Hi, I hope it is OK to post this here.
Occasionally I notice some strangeness on the right hand edge of my images processed with LHE.
I found a copy of the code on Zbynek's site, so I took a look to see if I could find the problem.
Here is a list of things I found:
1) In InitHistogram() and AdvanceHistogram(), the kernel is mirrored at the edges of the image. The mirror code has bugs in both axes. At the upper edge, the Y-axis clip code is off by one. At the upper edge, the X-axis clip code uses image.Height rather than image.Width. This accounts for the strangeness I see.
2) In ClipHistogram(), the code computes a quotient and a remainder for equalization purposes. The loop that equalizes the remainder is off by one. One too many bins are incremented. This introduces a small bias in the results.

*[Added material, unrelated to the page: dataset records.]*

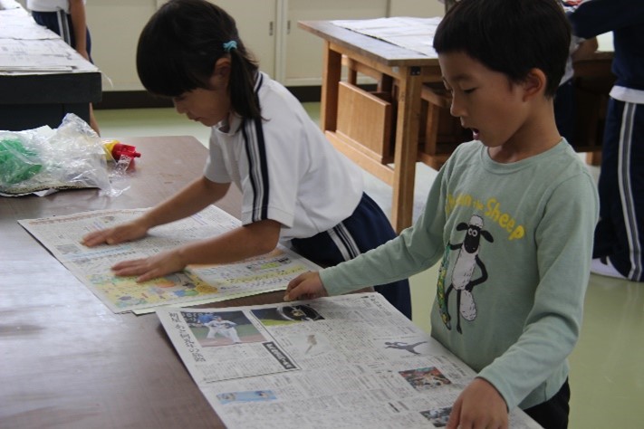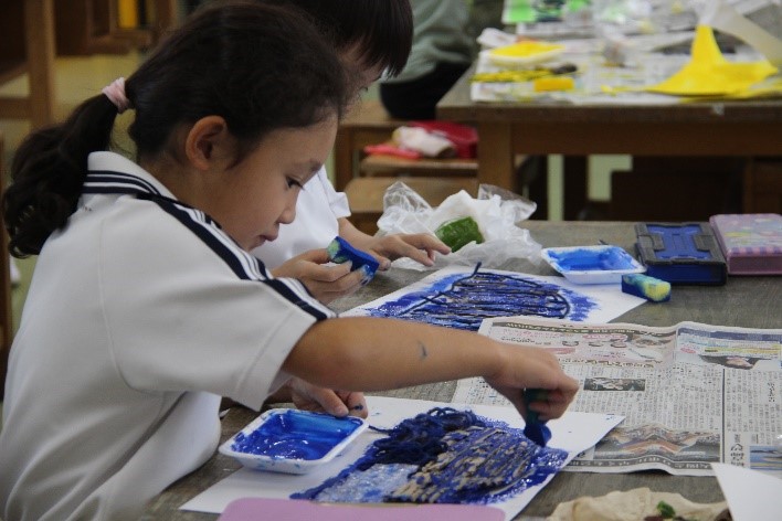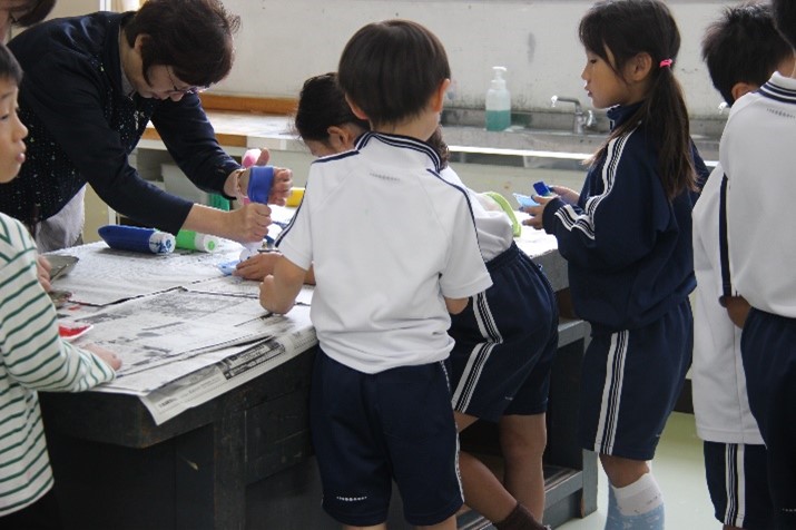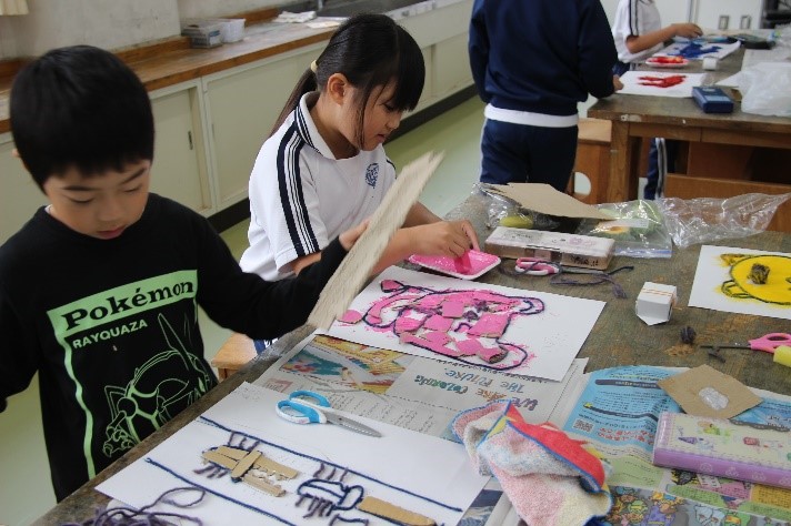 1年西組は、図工の授業で「生きものをはんがとスタンプであらわそう」の学習を行いました。自分の好きな生き物を毛糸やダンボーを使って形をつくり、それに色をつけたり、作ったスタンプを押したりして、楽しみながら作業しました。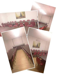 Sala de conferencia "Piera", habilitado para eventos empresariales, seminarios, talleres y otros. Cuenta con proyector Epson HD, telón, sistema de audio, meson para coffee break y baño.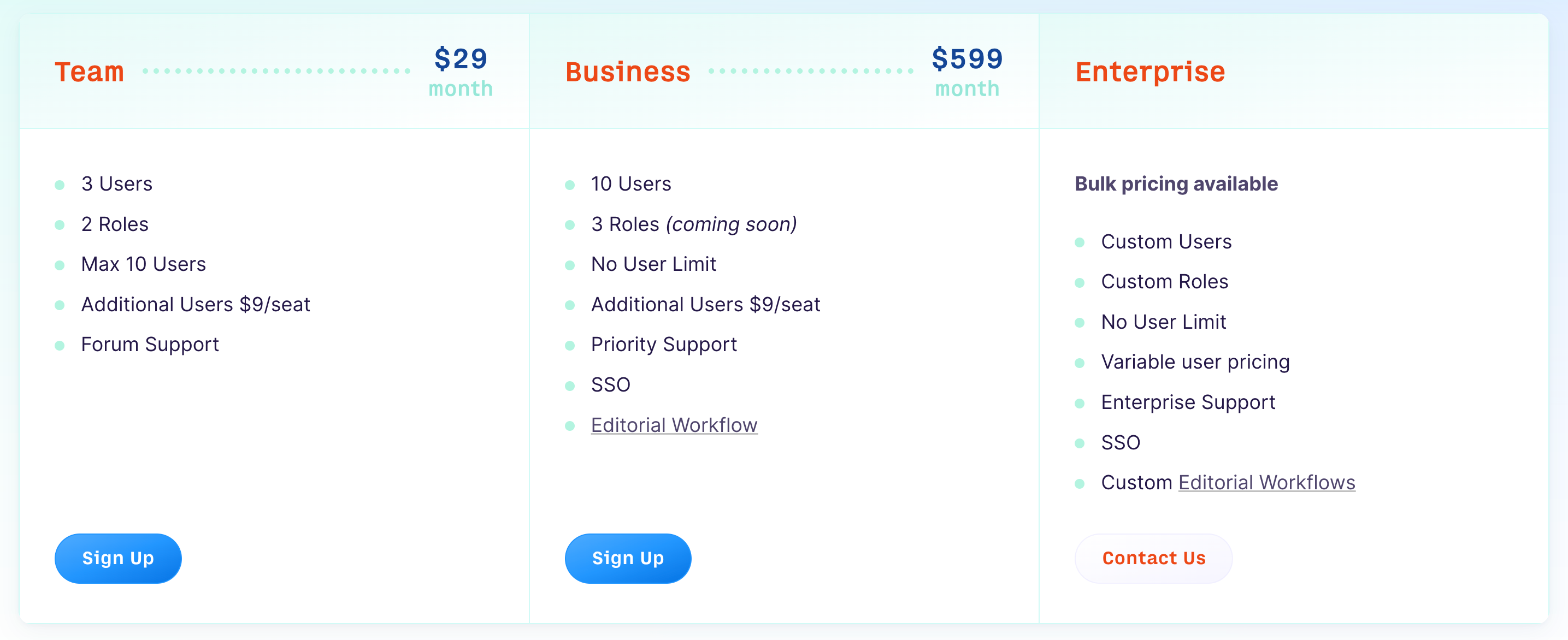 Business: Geared towards businesses, the Business plan is available at $599 per month. It includes 10 users, 3 roles (coming soon), and no user limit. Additional users can be added at $9 per seat. This plan provides priority support, single sign-on (SSO), and an editorial workflow for enhanced content management.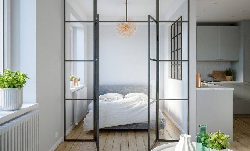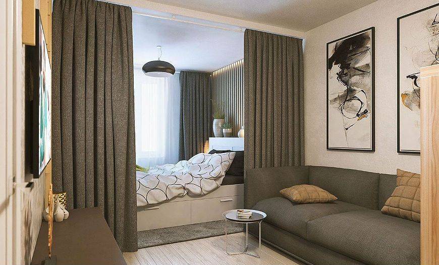 Шторы, будь то текстильные занавески или каркасные жалюзи — классический инструмент для зонирования. Легким тюлем можно оградить зону гостиной. Плотные шторы с дополнительной шумоизоляцией, например, японские или бамбуковые, хороши для спальни или рабочего места, где важны тишина и покой. Дополнительно зоны можно разграничить специальными перегородками из стекла или дерева, но они сложны в монтаже и стоят дороже, чем занавески.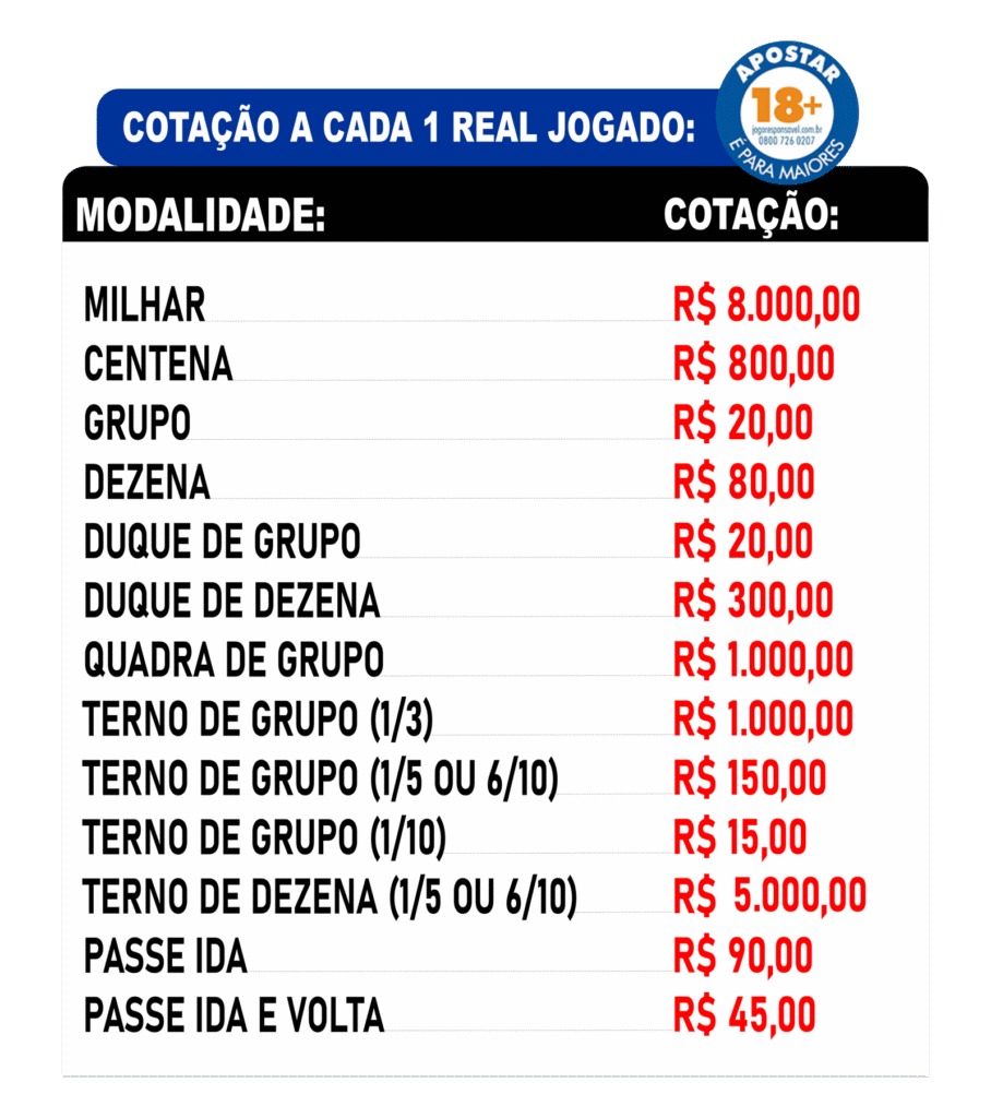 Quadra/Grupo 1ºao5º – A modalidade é feita com 4 grupos escolhidos de 01 a 25, podendo ser repetidos ou não, são válidos os grupos do resultado do 1º ao 5 º prêmio do resultado, podendo a aposta ser feita com 4 a 10 grupos.

3) Also in ClipHistogram(), the equalization process is iterative. Any remainder on each iteration will increment bin zero. So bin zero "piles up" and a small bias is so introduced. An easy solution would be to do a binary search to find the proper clipping threshold, and then equalize the histogram only once. This runs no faster but avoids all iterative pile up from multiple remainders.
4) ComputeCDF() basically does a table lookup on quantized pixel values. It is a bit annoying that the results are so quantized and that full 32-bit precision is not exploited. I think a simple improvement would be to interpolate the histogram using the pixel's fractional position in its bin. Linear interpolation would probably be sufficient, but higher-order (e.g. cubic) would be easy of course also.